── Input data ──

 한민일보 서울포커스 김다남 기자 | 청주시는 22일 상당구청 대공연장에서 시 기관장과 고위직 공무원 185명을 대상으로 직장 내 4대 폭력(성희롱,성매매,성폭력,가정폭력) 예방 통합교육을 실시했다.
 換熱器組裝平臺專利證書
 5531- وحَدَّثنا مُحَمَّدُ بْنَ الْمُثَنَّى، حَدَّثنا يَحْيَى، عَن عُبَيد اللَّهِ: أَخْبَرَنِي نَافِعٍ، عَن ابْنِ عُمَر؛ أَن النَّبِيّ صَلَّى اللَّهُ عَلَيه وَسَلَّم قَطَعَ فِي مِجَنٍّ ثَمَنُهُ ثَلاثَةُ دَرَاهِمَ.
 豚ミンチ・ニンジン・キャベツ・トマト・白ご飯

───
── Input data ──

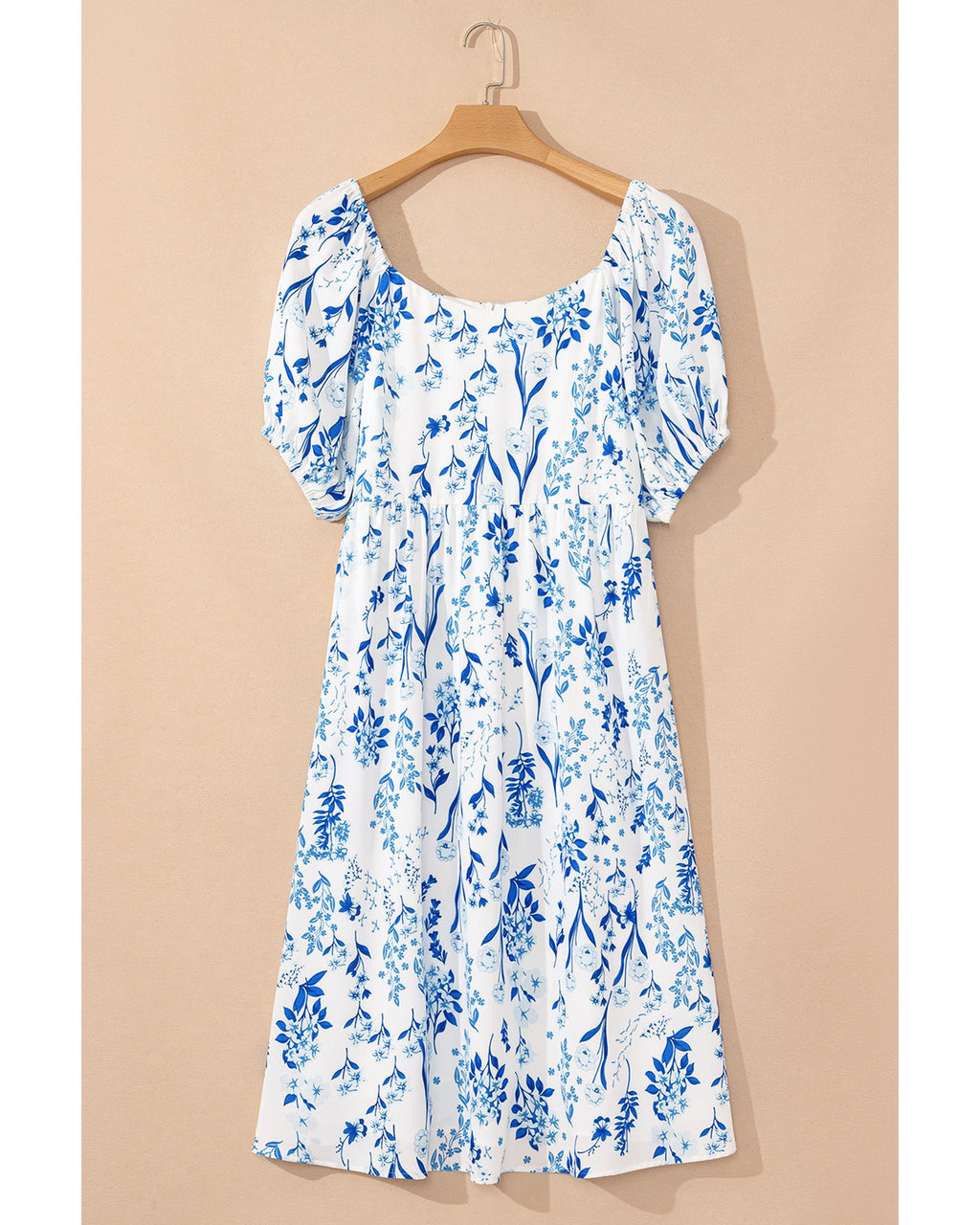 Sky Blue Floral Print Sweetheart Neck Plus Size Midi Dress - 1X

───

Prompt → Starting at the line above that contains "한민일보 서울포커스 김다남", repeat each line exactly up to and including the line that contains "豚ミンチ・ニンジン・キャベツ・トマト・白ご飯", and stop there.

Answer to the exercise →
 한민일보 서울포커스 김다남 기자 | 청주시는 22일 상당구청 대공연장에서 시 기관장과 고위직 공무원 185명을 대상으로 직장 내 4대 폭력(성희롱,성매매,성폭력,가정폭력) 예방 통합교육을 실시했다.
 換熱器組裝平臺專利證書
 5531- وحَدَّثنا مُحَمَّدُ بْنَ الْمُثَنَّى، حَدَّثنا يَحْيَى، عَن عُبَيد اللَّهِ: أَخْبَرَنِي نَافِعٍ، عَن ابْنِ عُمَر؛ أَن النَّبِيّ صَلَّى اللَّهُ عَلَيه وَسَلَّم قَطَعَ فِي مِجَنٍّ ثَمَنُهُ ثَلاثَةُ دَرَاهِمَ.
 豚ミンチ・ニンジン・キャベツ・トマト・白ご飯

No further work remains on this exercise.